Exercise directions
Go through the records below from the first line and print each one exactly, stopping after the line that contains "Delegacia de Repressão". Do not print pictures or anything past that line.

Provided entries
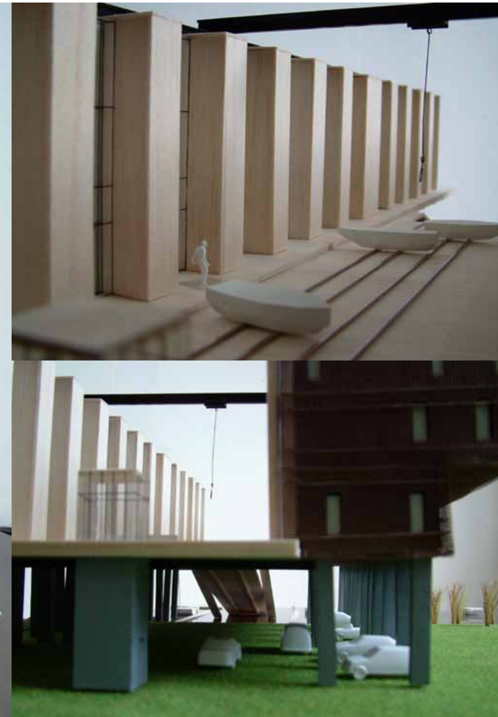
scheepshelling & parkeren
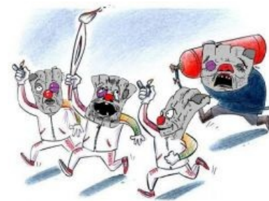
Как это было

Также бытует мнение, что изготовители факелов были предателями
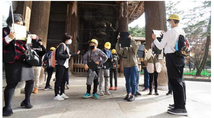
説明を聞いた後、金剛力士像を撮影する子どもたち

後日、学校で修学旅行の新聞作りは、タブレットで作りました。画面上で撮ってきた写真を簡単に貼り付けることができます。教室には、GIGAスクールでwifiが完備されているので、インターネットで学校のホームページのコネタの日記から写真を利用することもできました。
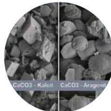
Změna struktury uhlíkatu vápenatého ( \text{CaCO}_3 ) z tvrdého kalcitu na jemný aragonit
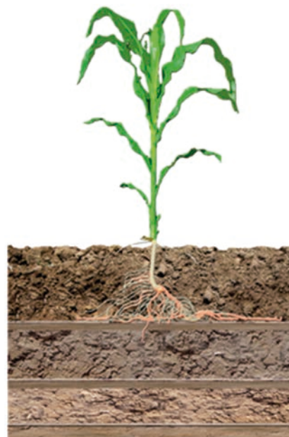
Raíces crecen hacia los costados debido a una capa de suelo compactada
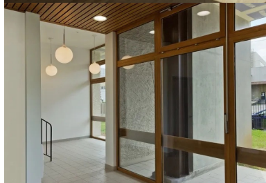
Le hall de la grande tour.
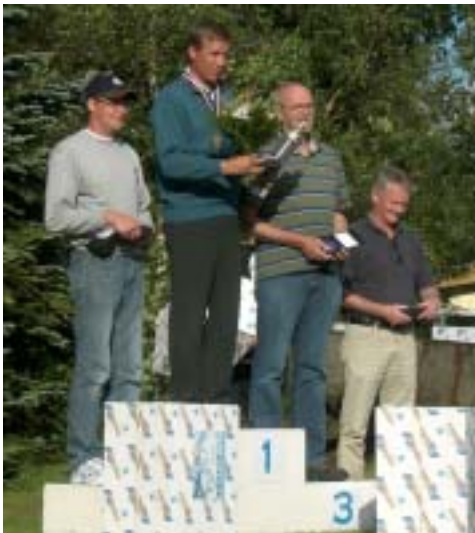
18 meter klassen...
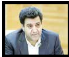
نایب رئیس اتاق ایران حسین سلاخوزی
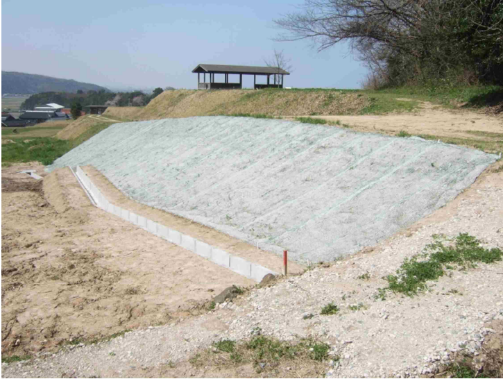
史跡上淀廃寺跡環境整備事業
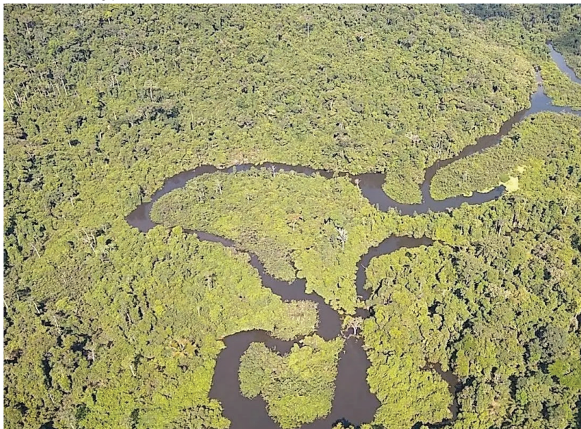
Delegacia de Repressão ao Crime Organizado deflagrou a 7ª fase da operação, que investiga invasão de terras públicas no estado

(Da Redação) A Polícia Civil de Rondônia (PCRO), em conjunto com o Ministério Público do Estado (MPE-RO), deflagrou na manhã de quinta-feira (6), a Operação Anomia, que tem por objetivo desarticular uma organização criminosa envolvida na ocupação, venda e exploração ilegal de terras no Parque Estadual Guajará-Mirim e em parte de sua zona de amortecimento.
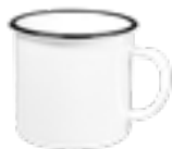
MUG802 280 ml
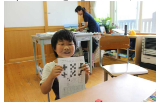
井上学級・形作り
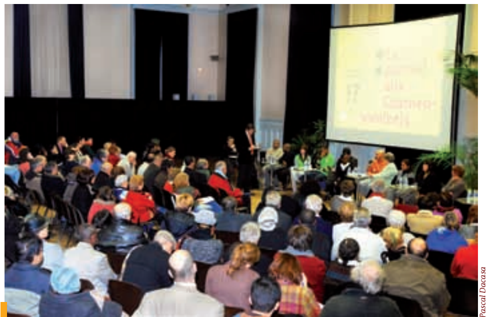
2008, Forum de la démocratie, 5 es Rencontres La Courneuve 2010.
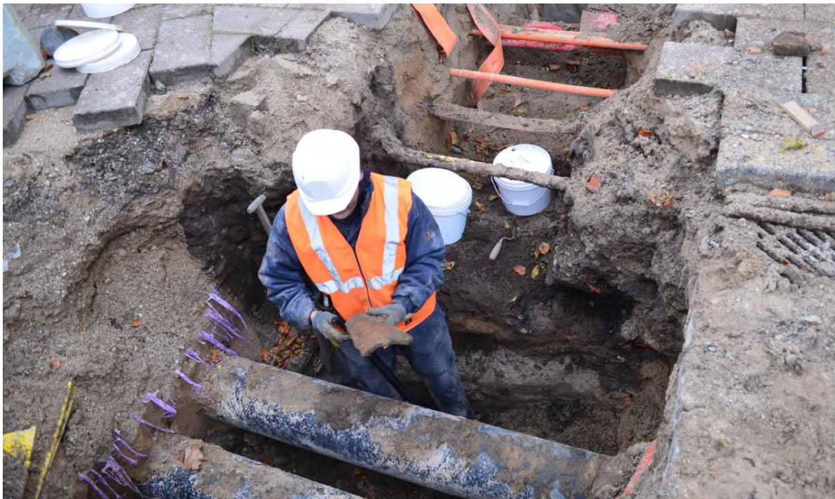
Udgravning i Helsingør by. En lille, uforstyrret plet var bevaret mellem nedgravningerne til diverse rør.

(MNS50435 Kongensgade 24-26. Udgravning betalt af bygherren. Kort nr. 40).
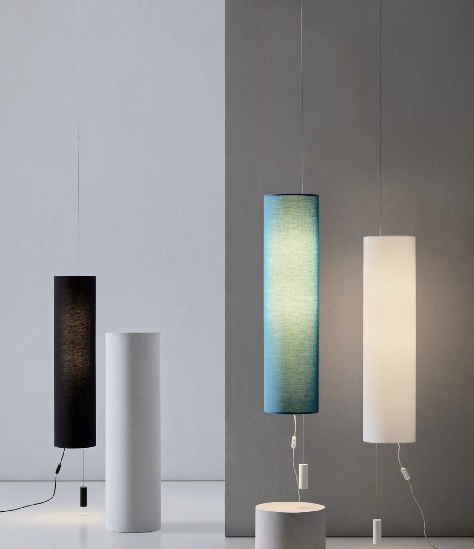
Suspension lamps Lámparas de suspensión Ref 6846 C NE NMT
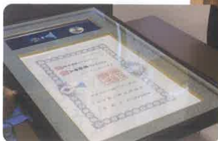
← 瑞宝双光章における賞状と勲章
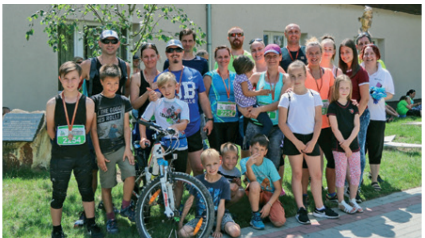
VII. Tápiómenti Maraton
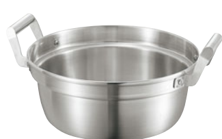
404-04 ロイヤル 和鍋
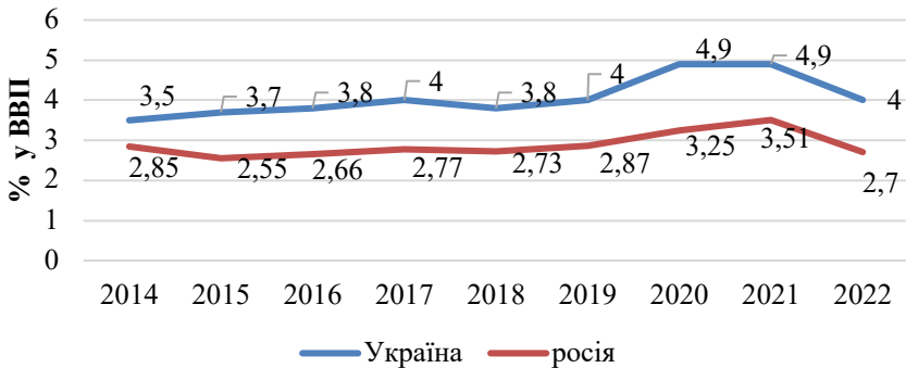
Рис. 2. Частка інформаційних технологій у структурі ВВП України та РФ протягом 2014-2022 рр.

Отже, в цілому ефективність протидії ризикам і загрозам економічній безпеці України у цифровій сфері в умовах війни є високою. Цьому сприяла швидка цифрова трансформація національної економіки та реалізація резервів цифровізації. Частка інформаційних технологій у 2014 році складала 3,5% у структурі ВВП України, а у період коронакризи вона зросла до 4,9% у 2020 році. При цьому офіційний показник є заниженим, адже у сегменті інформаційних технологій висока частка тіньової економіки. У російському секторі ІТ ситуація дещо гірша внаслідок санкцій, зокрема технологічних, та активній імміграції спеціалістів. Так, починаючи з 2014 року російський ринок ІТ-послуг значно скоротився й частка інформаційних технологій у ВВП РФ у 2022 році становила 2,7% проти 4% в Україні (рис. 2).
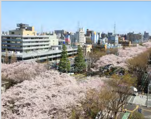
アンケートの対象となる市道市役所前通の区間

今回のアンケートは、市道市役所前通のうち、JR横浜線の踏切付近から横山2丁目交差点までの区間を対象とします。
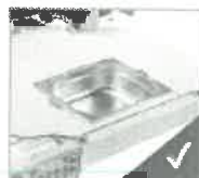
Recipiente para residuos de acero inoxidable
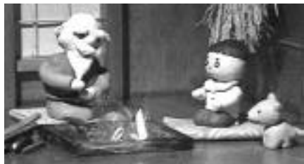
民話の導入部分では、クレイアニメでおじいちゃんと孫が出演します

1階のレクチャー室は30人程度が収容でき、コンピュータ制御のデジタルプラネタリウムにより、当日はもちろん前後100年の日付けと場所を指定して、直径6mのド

Written answer
scheepshelling & parkeren
Как это было

Также бытует мнение, что изготовители факелов были предателями
説明を聞いた後、金剛力士像を撮影する子どもたち

後日、学校で修学旅行の新聞作りは、タブレットで作りました。画面上で撮ってきた写真を簡単に貼り付けることができます。教室には、GIGAスクールでwifiが完備されているので、インターネットで学校のホームページのコネタの日記から写真を利用することもできました。
Změna struktury uhlíkatu vápenatého ( \text{CaCO}_3 ) z tvrdého kalcitu na jemný aragonit
Raíces crecen hacia los costados debido a una capa de suelo compactada
Le hall de la grande tour.
18 meter klassen...
نایب رئیس اتاق ایران حسین سلاخوزی
史跡上淀廃寺跡環境整備事業
Delegacia de Repressão ao Crime Organizado deflagrou a 7ª fase da operação, que investiga invasão de terras públicas no estado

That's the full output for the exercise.